Quanto a “The Spontaneous Combustion Of John”, si tratta del brano più breve del disco (appena cinquantatré secondi di durata) e presenta una vignetta dark-folk a bassa fedeltà: "È un vero peccato, Johnny fuma/ E i suoi occhi sono pieni di fuoco/ Come la prima volta che Captain Marvel lo ha fulminato/ Proprio in mezzo agli occhi". Il brano fu firmato da Richard English, che proprio all’epoca provò a scrivere alcune delle sue prime canzoni. “Non credo fosse quello che volevo fare davvero”, dirà. “Una parte di me era in competizione con Wayne proprio perché volevo capire se ero in grado di riuscire a scriverle”.

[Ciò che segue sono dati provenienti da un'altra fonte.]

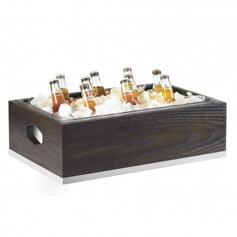 Cinderwood Ice Housing, 21-1/4"W x 13-1/4"D x 7"H, rectangular, includes: clear polycarbonate pan & condensation liner, geometric end cutouts, mirrored base & trim, oak wood, dark ash gray, BPA Free

Immersa in un’atmosfera dolcemente nostalgica, “Last Drop Of Morning Dew”, oltre a far pensare a una versione più veloce di “Shaved Gorilla” (quasi come se qui i Flaming Lips giocassero con l’autocitazione!), potrebbe essere sia la migliore canzone dei Replacements che Paul Westerberg non ha mai scritto, sia un omaggio ai Jesus and Mary Chain, altra band molto amata da Wayne. Nel testo, si disserta sull’inquietudine dell’uomo, sulla sua precarietà e sulle colpe di Dio:
E tutti quei piani che ho fatto
Entro la fine della giornata sono tutti cambiati
Perché Dio ha fatto una cazzata quando ci ha creati
Perché ci ha creati affinché potessimo odiarci
E il mondo potrebbe finire tra un attimo
Nel chiudere il cerchio, "Begs And Achin'" torna dalle parti dei Led Zeppelin e di certo rock sudista, con tanto di assolo spaccone di Wayne. E tornano anche gli ufo: “I see ya flying in your ufo all the time/ Crash and burning in my back yard/ It's begs and aching all the time”. Questo, per il primo minuto e venti circa. Poi, si va di defaticamento. E nelle orecchie è come se passassero in rassegna tutti i momenti del disco, uno dentro l'altro. Come una "chirurgia telepatica". O una risacca di tutti i nostri ricordi possibili.